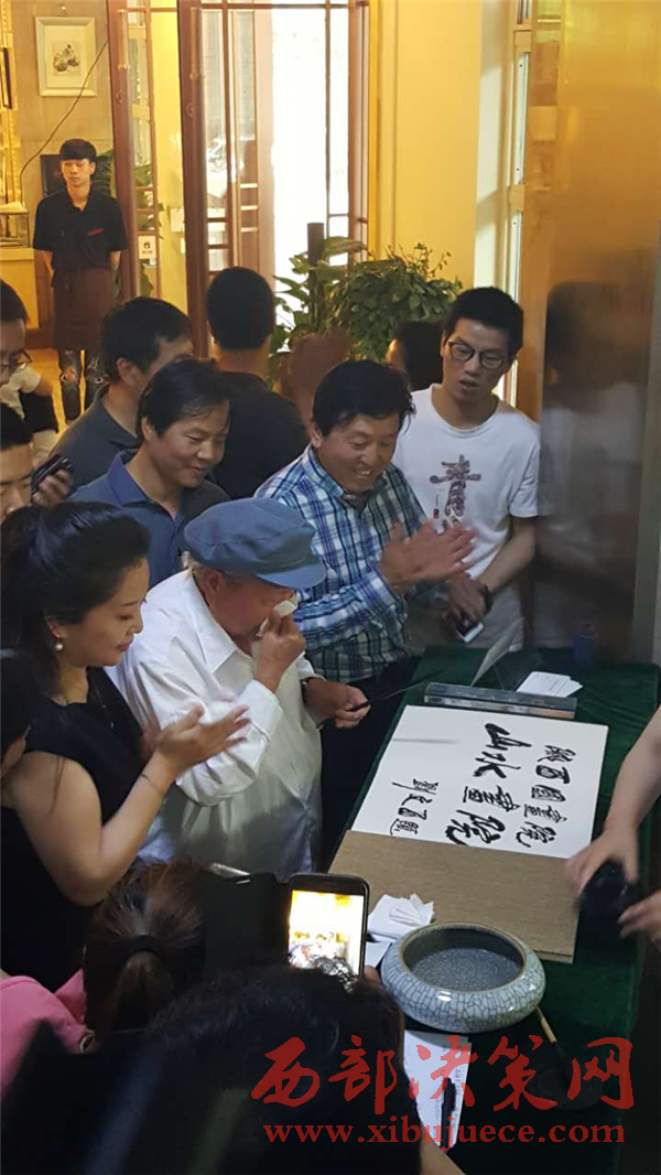 當李老師談起書法來,兩眼炯炯有神,自放異彩,書法已融入他的生命。當我們走進李老師的工作室,練習的作品如一座小山,筆架上的毛筆各種型號應有盡有,裝墨汁的缽盂,很是夸張,不敢說墨池,那樣有點浮夸,有點像關(guān)中人吃面的老碗那樣大的缽盂。沒有上過大學的他,也許是對傳統(tǒng)文化的摯愛,也許是身邊的朋友影響了他。
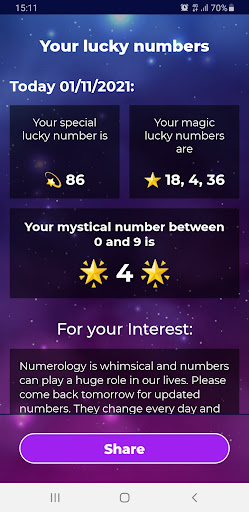 • Lucky numbers: According to Numerology, each of us has our number, which identifies us and defines our way of being, just like a horoscope. Get your daily lucky numbers.
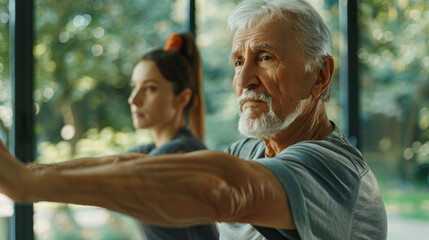 An elderly man and a younger woman focusing on stretching exercises in a gym, highlighting a moment of intergenerational bonding through physical fitness.
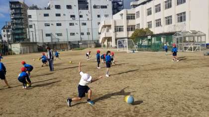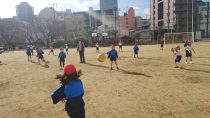 1年1組の体育の様子です。ボール運動をしています。投げることも受けることも案外難しい運動です。楽しく活動できていました。
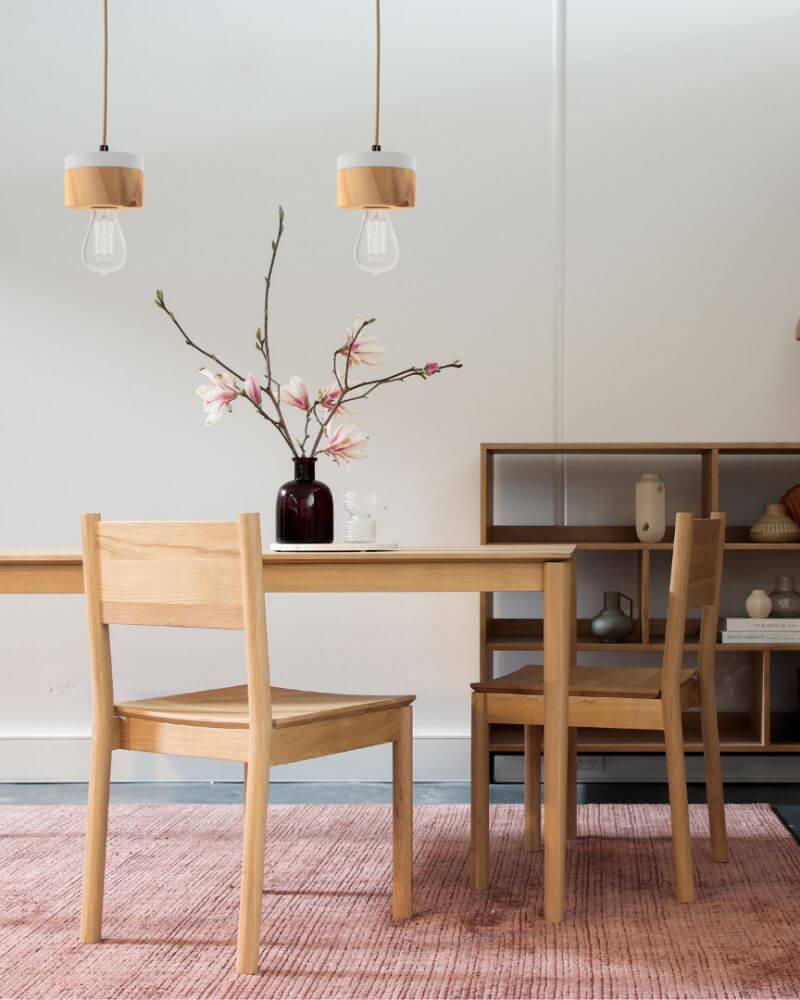 Das Design ist dabei geradlinig, reduziert und funktionell. Trotz dieser Schlichtheit sorgt die typisch markante Maserung der Zirbe in Kombination mit Pastell- oder Naturtönen für eine natürliche und warme Wohnatmosphäre. Das Kabel aus Naturfasern sowie der Baldachin aus Zirbenholz komplettieren das skandinavische Leuchtendesign.
━━━━━━━━━━━━━━━━━━━━━━━━━━━━━━
### ACTIVITY
The expected answer is the whole listing above, copied exactly, with images excluded.

### ANSWER AREA
 當李老師談起書法來,兩眼炯炯有神,自放異彩,書法已融入他的生命。當我們走進李老師的工作室,練習的作品如一座小山,筆架上的毛筆各種型號應有盡有,裝墨汁的缽盂,很是夸張,不敢說墨池,那樣有點浮夸,有點像關(guān)中人吃面的老碗那樣大的缽盂。沒有上過大學的他,也許是對傳統(tǒng)文化的摯愛,也許是身邊的朋友影響了他。
 • Lucky numbers: According to Numerology, each of us has our number, which identifies us and defines our way of being, just like a horoscope. Get your daily lucky numbers.
 An elderly man and a younger woman focusing on stretching exercises in a gym, highlighting a moment of intergenerational bonding through physical fitness.
 1年1組の体育の様子です。ボール運動をしています。投げることも受けることも案外難しい運動です。楽しく活動できていました。
 Das Design ist dabei geradlinig, reduziert und funktionell. Trotz dieser Schlichtheit sorgt die typisch markante Maserung der Zirbe in Kombination mit Pastell- oder Naturtönen für eine natürliche und warme Wohnatmosphäre. Das Kabel aus Naturfasern sowie der Baldachin aus Zirbenholz komplettieren das skandinavische Leuchtendesign.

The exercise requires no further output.